Lady Horton was Dick's elder and married sister, she who had stood by him on the day that was to have been his wedding-day.

"I think we had better drive on now," Chatty said. And when Theo's somewhat astonished face had disappeared from the window, and they were rattling along over the stones, she suddenly said, "Do you think it should have been – dropped altogether? Why should it be dropped altogether? I seem to be a little bewildered – I don't – understand. Oh, mamma, I had a presentiment that he was ill – ill and alone, and so far away."

"He is getting better, dear; he would think it best not to write to make us anxious; probably he has been waiting on day by day. I will go to Lady Horton to-morrow."

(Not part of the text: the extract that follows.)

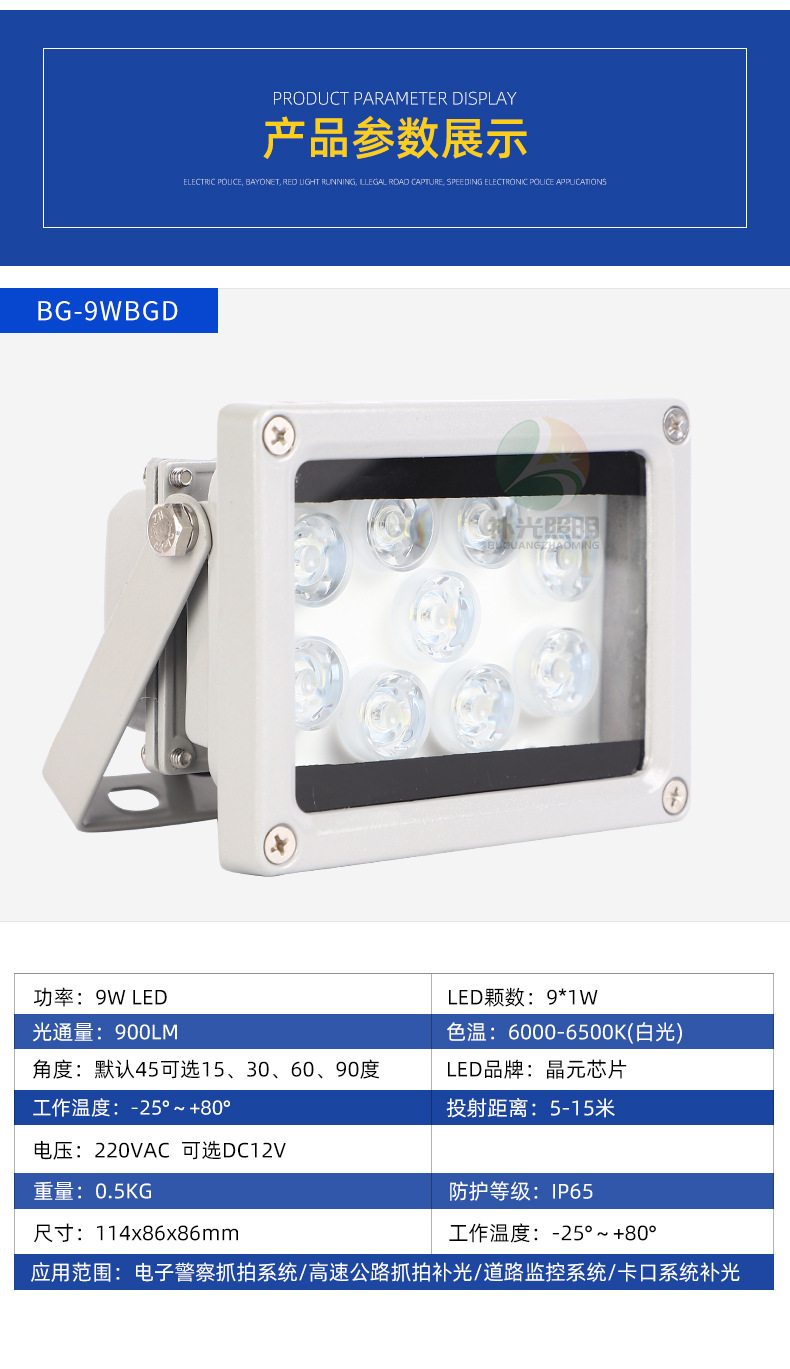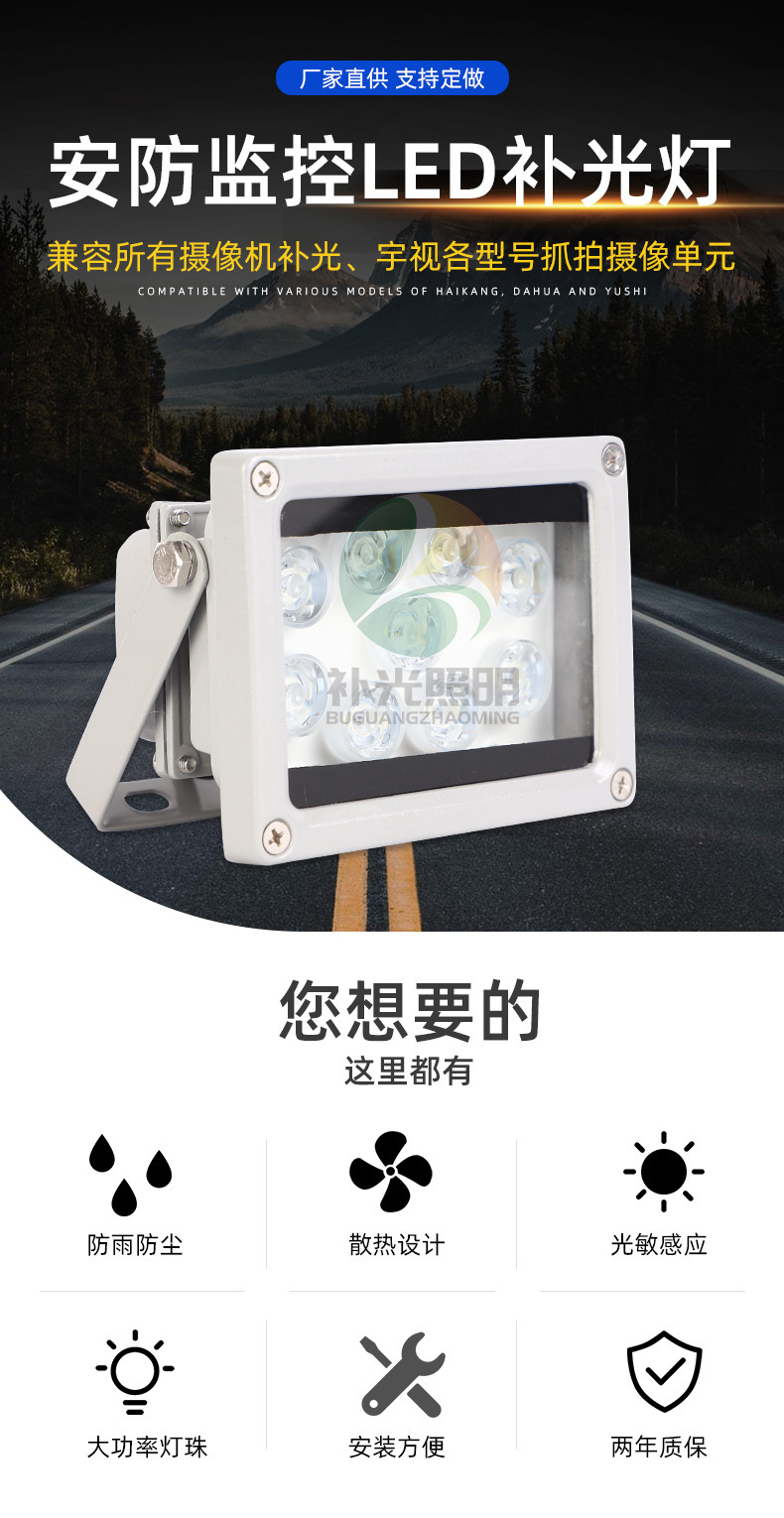 led監(jiān)控補(bǔ)光燈停車場(chǎng)出入口車牌識(shí)別補(bǔ)光燈攝像頭輔助燈戶外防水

"And Lady Horton thinks it should be dropped altogether," said Chatty, in a musing reflective tone. "She thinks it is monstrous – what is monstrous? I don't – seem to understand."

"Let us not think of it till we get home, till we have a little calm and – time."

"As if one could stop thinking till there is time!" said Chatty, with a faint smile. "But I feel that this is a new light. I must think. What must be dropped? Am not I married to him, mother?"

"Oh, my darling, if it had not been for that woman – "

"But that woman – my thoughts are all very confused. I don't understand it: perhaps he is not married to me – but I have always considered that I – The first thing, however, is his health, mother. We must see at once about that."